Federal Circuit Rejects Counsel’s Error in Misreading Rules

In a recent case before the Federal Circuit, the Court found no excusable neglect in filing beyond the deadlines in the rules, and refused to reconsider an appeal of a breach of contract claim which had been rejected by the Court of Federal Claims as untimely.  United Communities LLC v. United States, No. 2022-2074 (Fed Cir. Jan. 12, 2024).

United Communities submitted a claim to the contracting officer that alleged breaches of a contract for a rent cap on military member’s basic allowance for housing.  The contracting officer denied the claim in a final decision on June 29, 2020, which decision was subsequently confirmed on July 8, 2020.  United Communities filed suit in the Court of Federal Claims (“COFC”) on Sept. 17, 2020, alleging similar breaches of contract, and the COFC dismissed the claim with prejudice, and then denied a motion for reconsideration on Nov. 18, 2021.

United Communities failed to timely file its notice of appeals with the COFC and the Federal Circuit.  The deadline for filing such a notice under Federal rules was on Jan. 17, 2022.  United Communities failed to file its notice of appeal before this deadline.  United Communities’ counsel incorrect relied on 41 USC § 7107, which governs timing of appeals from an Agency board of appeals.  United Communities then filed for an extension of time to file a notice of appeal.

The Federal Circuit remanded to the COFC, which denied the notion, determining that the failure to file did not rise to the level of excusable neglect.

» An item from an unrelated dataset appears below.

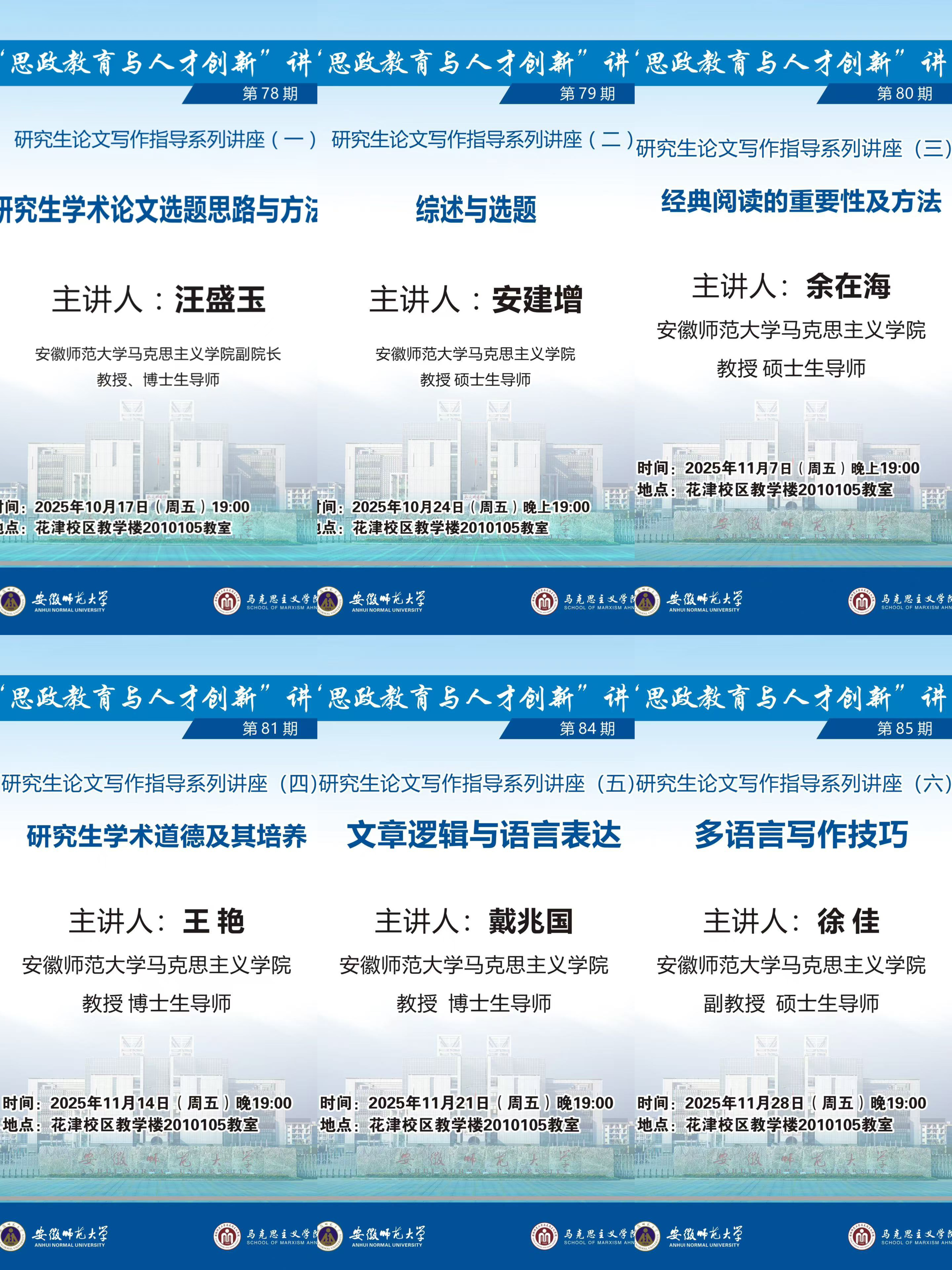 系列讲座先后开展六期,分别由汪盛玉教授、安建增教授、余在海教授、王艳教授、戴兆国教授、徐佳副教授主讲,每期讲座选题各异、主题鲜明,从不同角度对研究生论文写作过程中可能出现的问题进行了深入浅出的讲解。

United Communities argued that there was excusable neglect, based on the so-called “Pioneer Factors” which include:

  • The danger of prejudice to the non-moving parties
  • The length of the delay and its potential impact on judicial proceedings
  • The moving party’s reason for the delay, and whether it was within control of the moving party
  • Whether the moving party acted in good faith

The Federal Circuit considered the Pioneer factors, and concluded that there was no reason for the late filing other than the counsel’s erroneous understanding of the deadlines.  The court considered good cause as well, but declined to find good cause since it was first brought up by United Communities on appeal.

The Federal Circuit expressed sympathy but refused to displace the COFC’s discretion in denying the motion for an extension of time.

Takeaway.  It is essential that counsel understand the deadlines in the court (or Board, or GAO rules).  This situation could have been avoided.